RECORDED INFORMATION:
%%

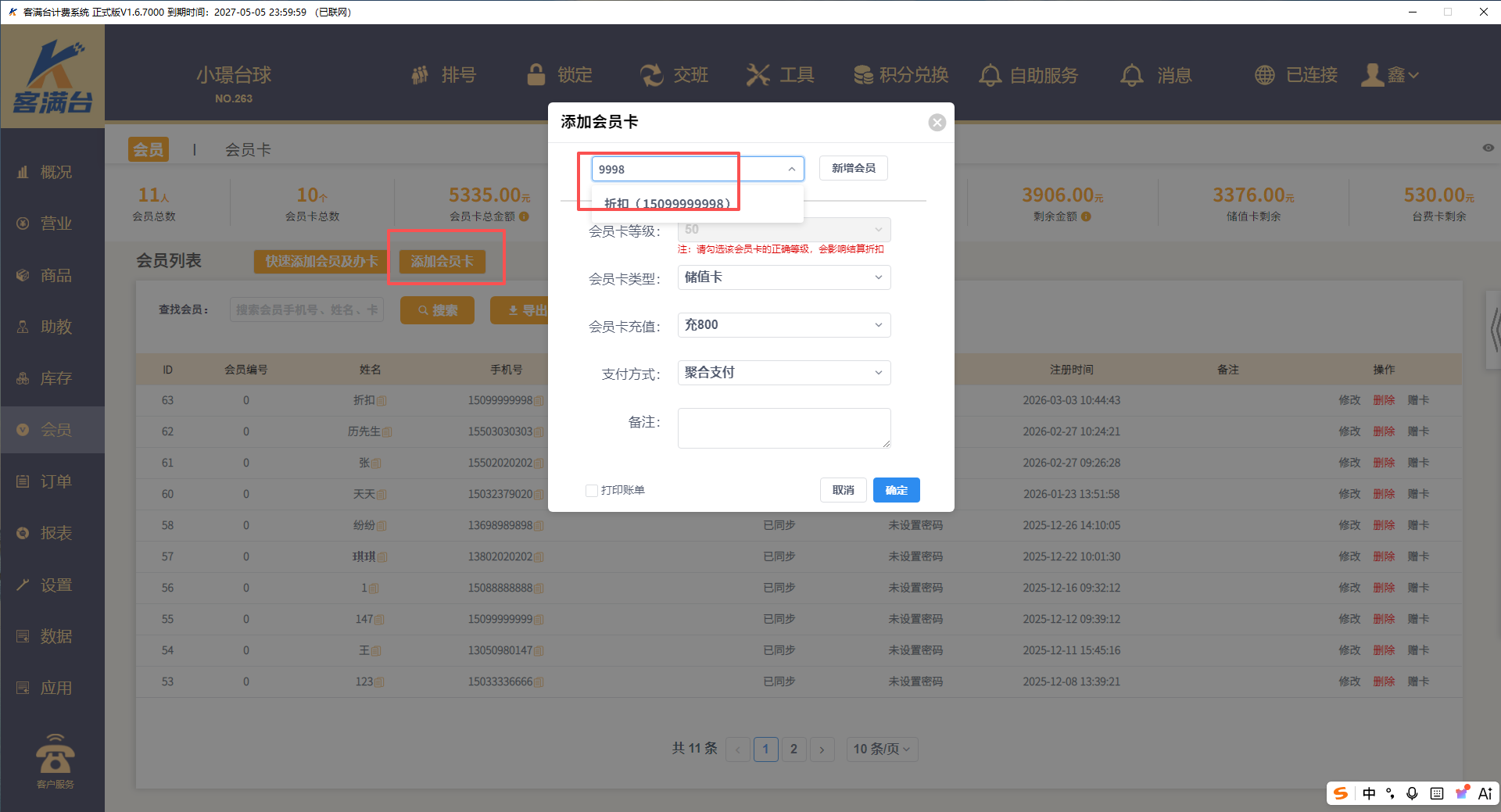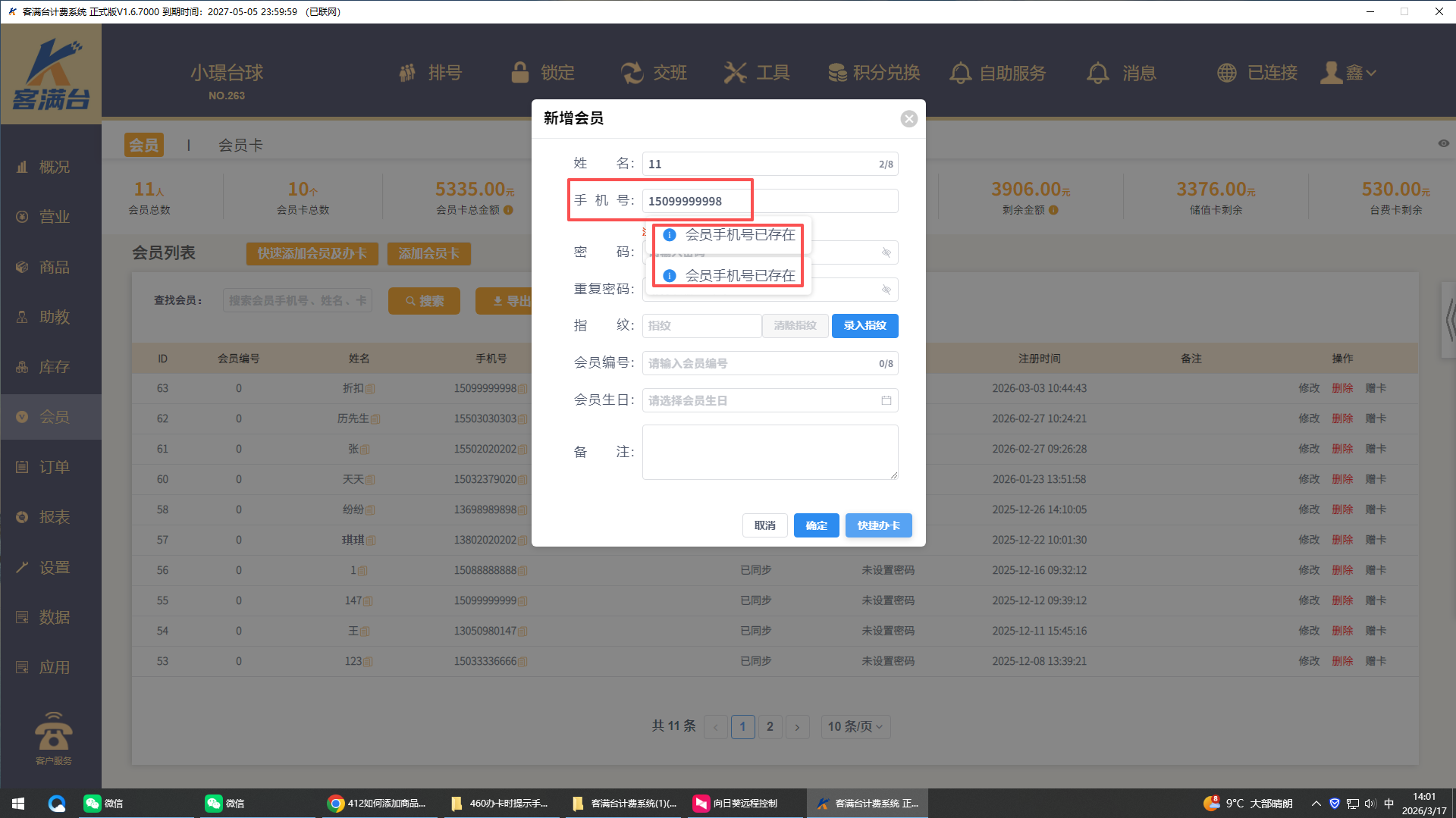 正常办理会员卡时,点击快捷办卡,提示手机号已存在,那是因为该会员已存在,之前办过卡或者添加过会员信息
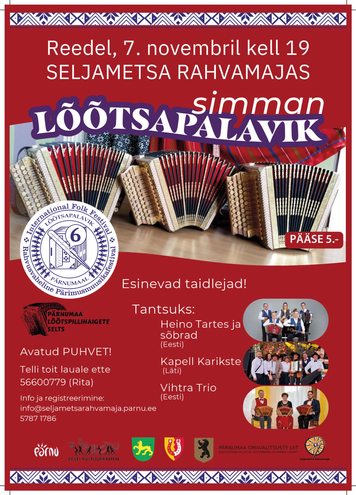 Rahvusvaheline Pärimusmuusikafestival "Lõõtsapalavik Pärnumaal" nr.6.
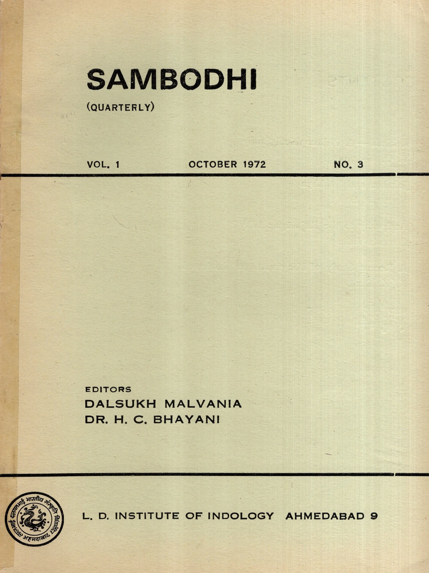 Sambodhi: Quarterly- An Alternative Interpretation of Patanjali's and the World of Life According to the Jaina Literature, Vol-4 April 1975 No.1 (An Old and Rare Book)
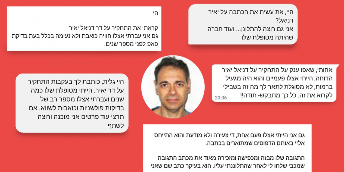 עשרות הודעות הגיעו למערכת המקום מאז יום ראשון, אז פרסמנו את הכתבה על הגניקולוג ד"ר דניאל יאיר, שכללה עדויות על התנהלות לא הולמת של הרופא, לרבות בדיקות מכאיבות ללא אזהרה, יחס מזלזל, דיבור בוטה והתעלמות מכאב המטופלות. ההודעות הרבות שהגיעו אלינו בעקבות הכתבה נשאו מסר דומה – גם לי זה קרה.

%%

TASK: Pictures are not part of the copy; transcribe the rest of the data verbatim.

TASK RESPONSE:
 正常办理会员卡时,点击快捷办卡,提示手机号已存在,那是因为该会员已存在,之前办过卡或者添加过会员信息
 Rahvusvaheline Pärimusmuusikafestival "Lõõtsapalavik Pärnumaal" nr.6.
 Sambodhi: Quarterly- An Alternative Interpretation of Patanjali's and the World of Life According to the Jaina Literature, Vol-4 April 1975 No.1 (An Old and Rare Book)
 עשרות הודעות הגיעו למערכת המקום מאז יום ראשון, אז פרסמנו את הכתבה על הגניקולוג ד"ר דניאל יאיר, שכללה עדויות על התנהלות לא הולמת של הרופא, לרבות בדיקות מכאיבות ללא אזהרה, יחס מזלזל, דיבור בוטה והתעלמות מכאב המטופלות. ההודעות הרבות שהגיעו אלינו בעקבות הכתבה נשאו מסר דומה – גם לי זה קרה.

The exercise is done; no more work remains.